#### [Prompt]
Reproduce every line of the data, exactly and without its pictures.

#### [Provided records]
[Start of section]

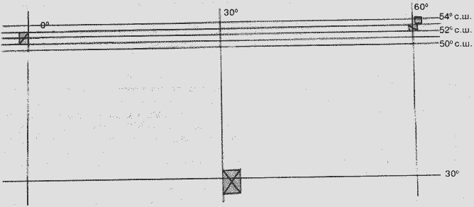 Условно назовем этот квадрат "квадратом Стоунхенджа" (рис. 137). С абсолютной точностью он займет свое место в глобальной сети. Базовый меридиан Британии – 0°, базовая параллель (возможно!) 53° с.ш. Геодезический квадрат Стоунхенджа расположен к западу от опорного меридиана. Обнаруживается отчетливая геодезическая схема (рис. 138) с шагом по долготе в 30°00'00".
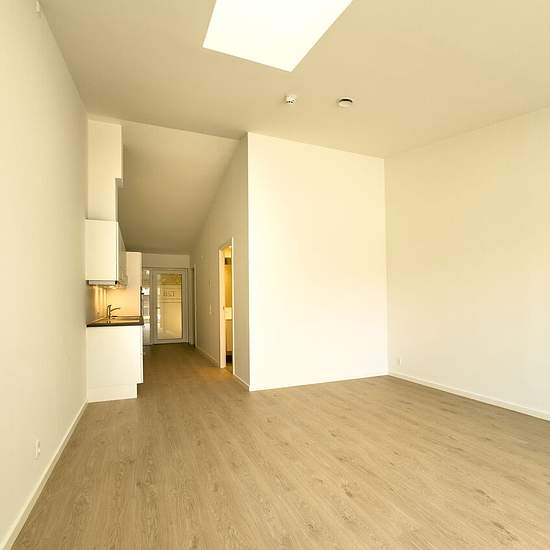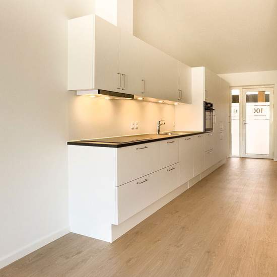 Velindrettet 2-værelses på 1. sal med elevator. Fra entréen er der adgang til både stort soveværelse og garderobeplads. Herefter åbner lejligheden sig mod et lyst køkken-alrum i forlængelse af stuen, med Svane-køkken i hvide elementer, mørk bordplade og integrerede Blomberg-hvidevarer. Badeværelse med grå klinker, glasafskærmet bruseniche og væghængt toilet. Fra stuen er der adgang til en stor altan i hele lejlighedens bredde mod vest med aftensol. Fællesfaciliteter og fællesskab Som beboer får du ikke kun en moderne lejlighed, men også adg...
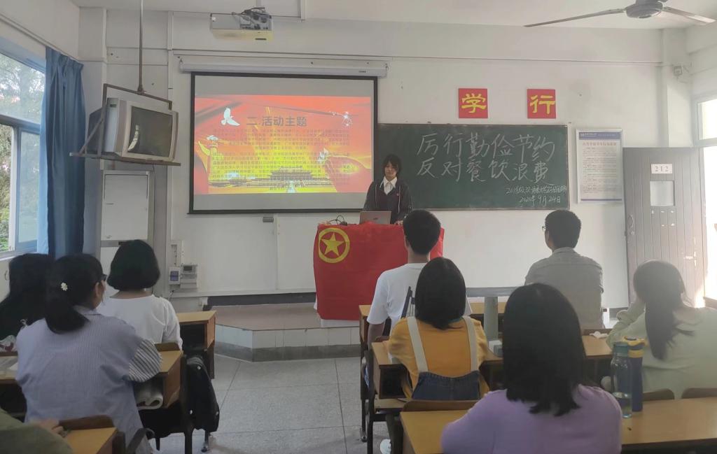 团委学生会统一开展主题学习活动,学生委员、团委委员、主席团全体成员以及各部门主要负责人到场,一同学习了勤俭节约的精神理念。各班团支部开展主题团日活动,通过展示PPT、播放视频等形式学习了习近平总书记相关讲话精神,宣扬了传承勤俭节约的传统美德。
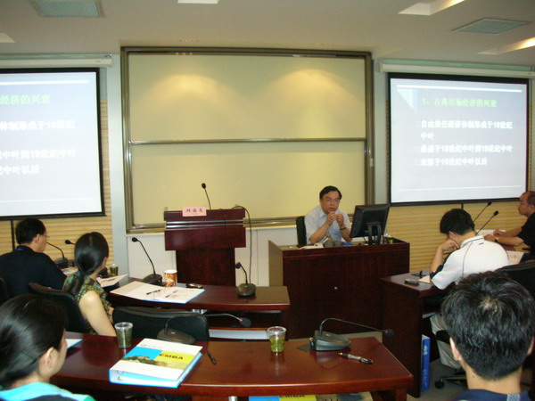 党委书记尤传明、副院长李燕萍的陪同下,走进了EMBA的课堂,为2006级70名学员带来了一场题为《市场经济的历史与现实》的精彩讲座。
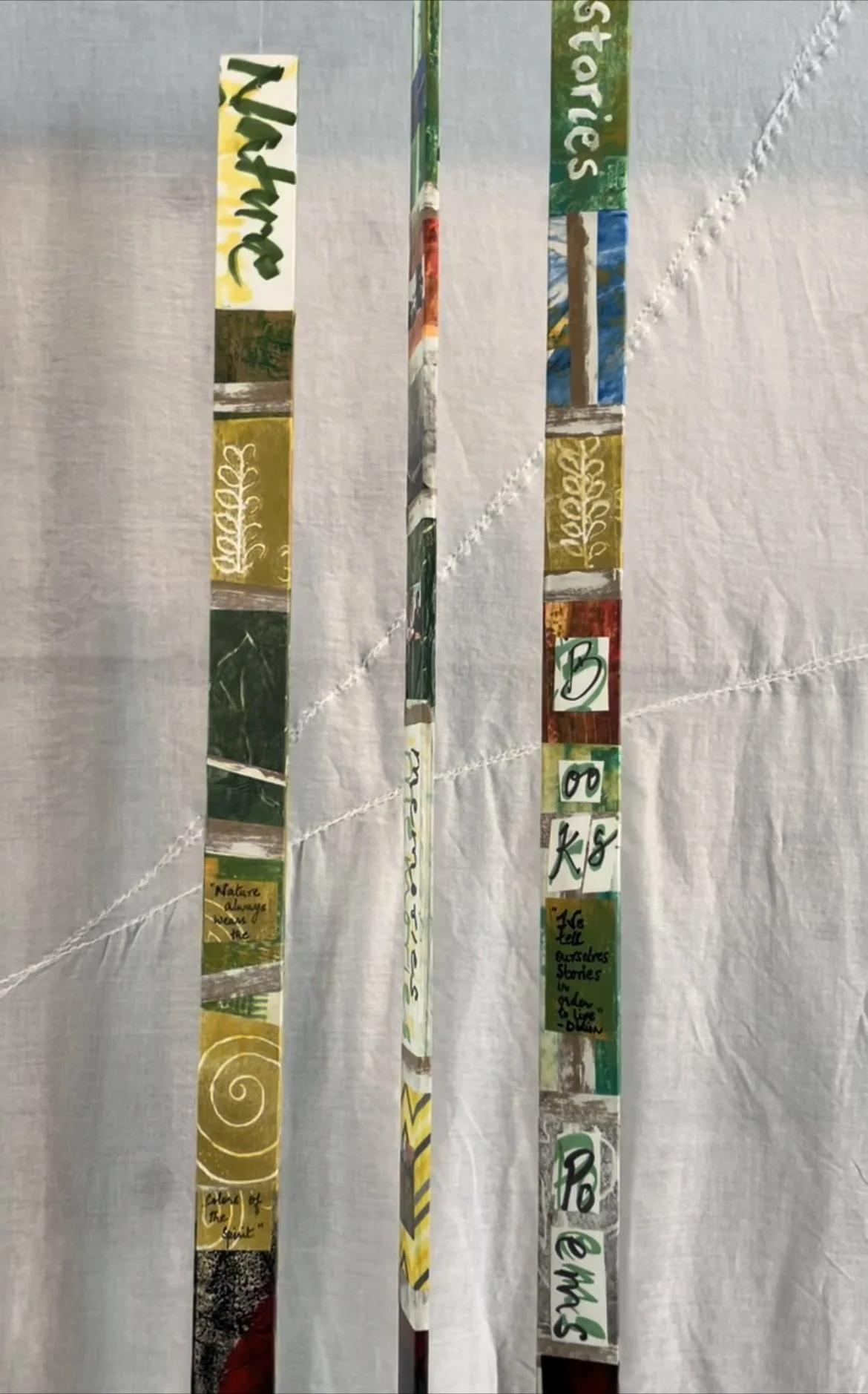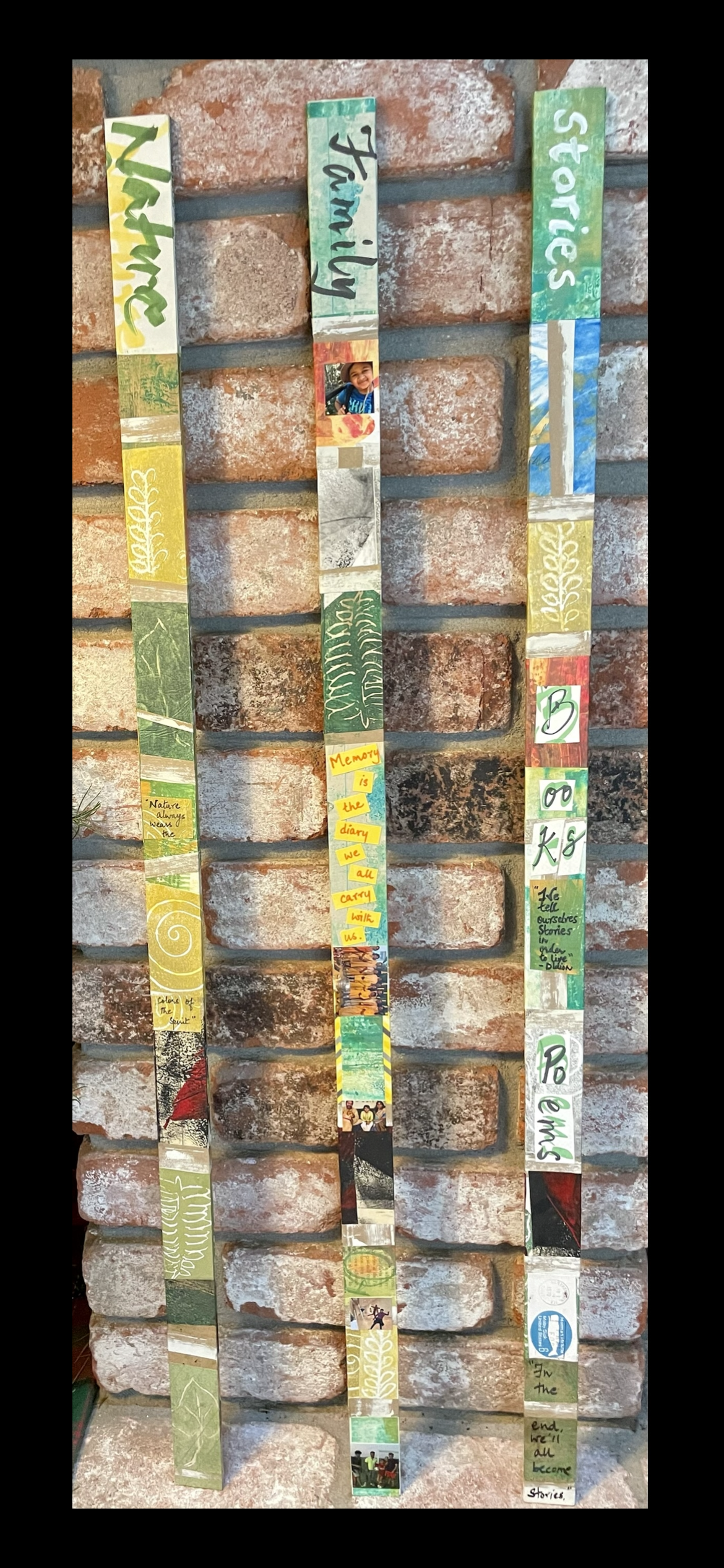 For the three yardstick pieces, I mostly used found vintage paper (old magazines; old books; old handwritten letters and stamps found in estate sales) that I either painted or drew on – several of the leaf prints are of leaves from my garden (ferns, fig leaves, ivy leaves) as are the yellow dried nasturtium flowers. With the color theme, my eye was drawn to greens and yellows with some bursts of reds and oranges - which to me, represented nature’s soothing powers. I believe words have immense power, so in the yard stick project there are some quotes on nature and on storytelling that speak to me.
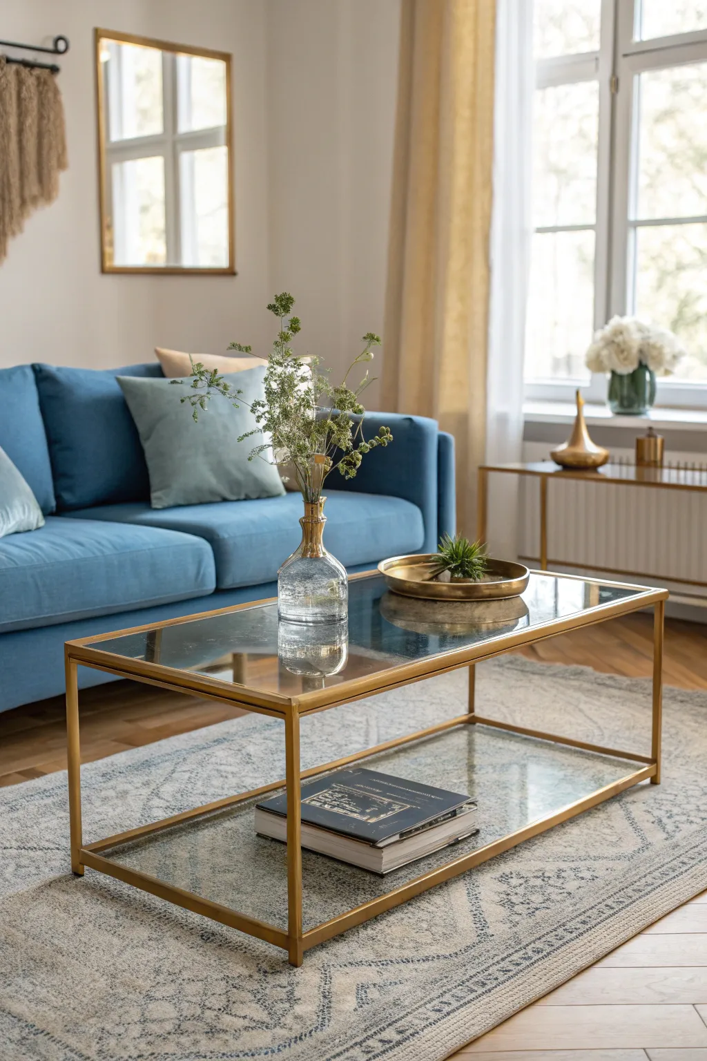 - Gold and Glass Side Table: Elevate your space with a chic gold and glass side table beside your seating area.
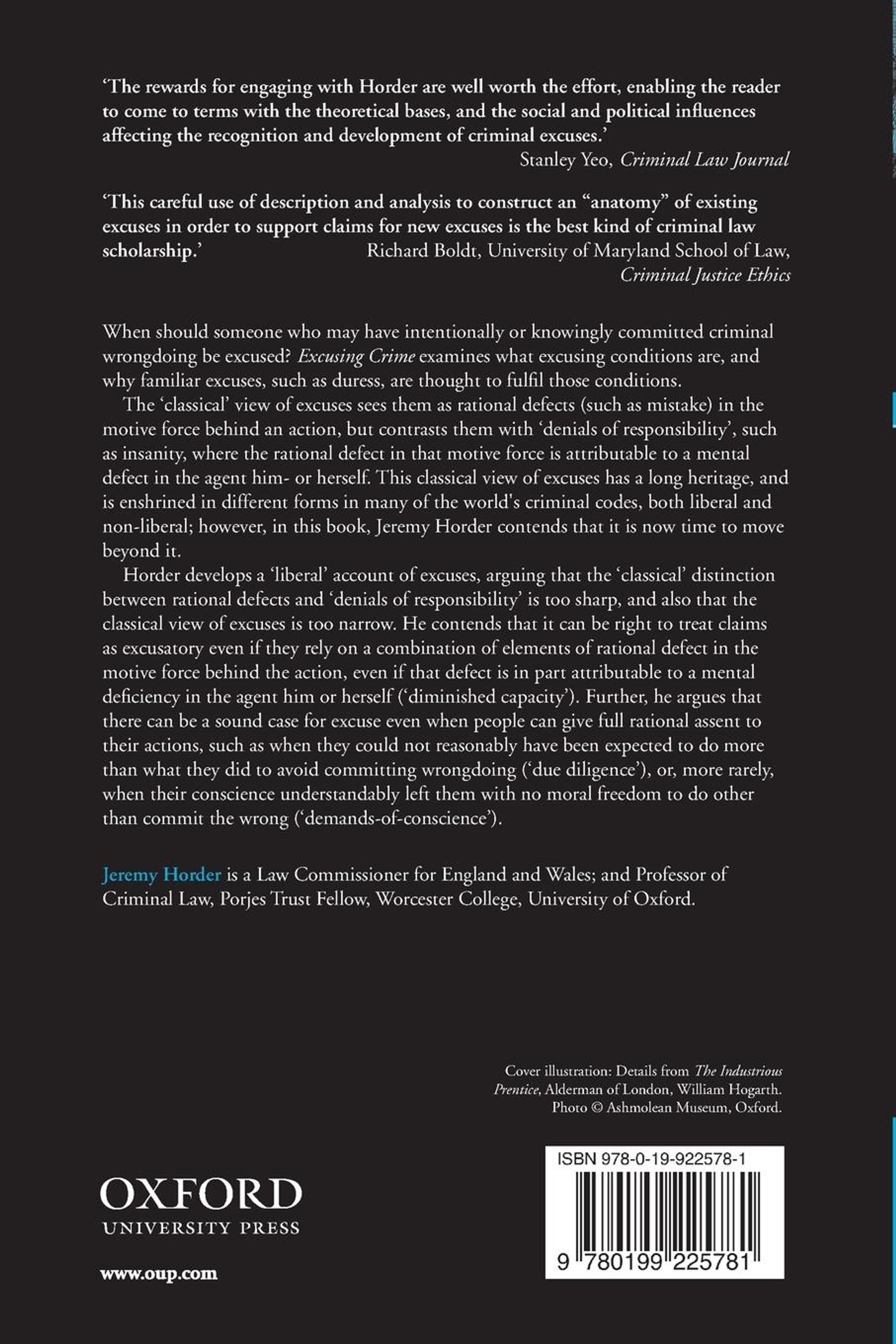 When should someone who may have intentionally or knowingly committed criminal wrongdoing be excused? Excusing Crime examines what excusing conditions are, and why familiar excuses, such as duress, are thought to fulfil those conditions. Jeremy Horder argues that a wider range of excuses - 'diminished capacity', 'due diligence' and 'demands of conscience' - should be recognised in law.

[End of section]

#### [Result for this exercise]
 Условно назовем этот квадрат "квадратом Стоунхенджа" (рис. 137). С абсолютной точностью он займет свое место в глобальной сети. Базовый меридиан Британии – 0°, базовая параллель (возможно!) 53° с.ш. Геодезический квадрат Стоунхенджа расположен к западу от опорного меридиана. Обнаруживается отчетливая геодезическая схема (рис. 138) с шагом по долготе в 30°00'00".
 Velindrettet 2-værelses på 1. sal med elevator. Fra entréen er der adgang til både stort soveværelse og garderobeplads. Herefter åbner lejligheden sig mod et lyst køkken-alrum i forlængelse af stuen, med Svane-køkken i hvide elementer, mørk bordplade og integrerede Blomberg-hvidevarer. Badeværelse med grå klinker, glasafskærmet bruseniche og væghængt toilet. Fra stuen er der adgang til en stor altan i hele lejlighedens bredde mod vest med aftensol. Fællesfaciliteter og fællesskab Som beboer får du ikke kun en moderne lejlighed, men også adg...
 团委学生会统一开展主题学习活动,学生委员、团委委员、主席团全体成员以及各部门主要负责人到场,一同学习了勤俭节约的精神理念。各班团支部开展主题团日活动,通过展示PPT、播放视频等形式学习了习近平总书记相关讲话精神,宣扬了传承勤俭节约的传统美德。
 党委书记尤传明、副院长李燕萍的陪同下,走进了EMBA的课堂,为2006级70名学员带来了一场题为《市场经济的历史与现实》的精彩讲座。
 For the three yardstick pieces, I mostly used found vintage paper (old magazines; old books; old handwritten letters and stamps found in estate sales) that I either painted or drew on – several of the leaf prints are of leaves from my garden (ferns, fig leaves, ivy leaves) as are the yellow dried nasturtium flowers. With the color theme, my eye was drawn to greens and yellows with some bursts of reds and oranges - which to me, represented nature’s soothing powers. I believe words have immense power, so in the yard stick project there are some quotes on nature and on storytelling that speak to me.
 - Gold and Glass Side Table: Elevate your space with a chic gold and glass side table beside your seating area.
 When should someone who may have intentionally or knowingly committed criminal wrongdoing be excused? Excusing Crime examines what excusing conditions are, and why familiar excuses, such as duress, are thought to fulfil those conditions. Jeremy Horder argues that a wider range of excuses - 'diminished capacity', 'due diligence' and 'demands of conscience' - should be recognised in law.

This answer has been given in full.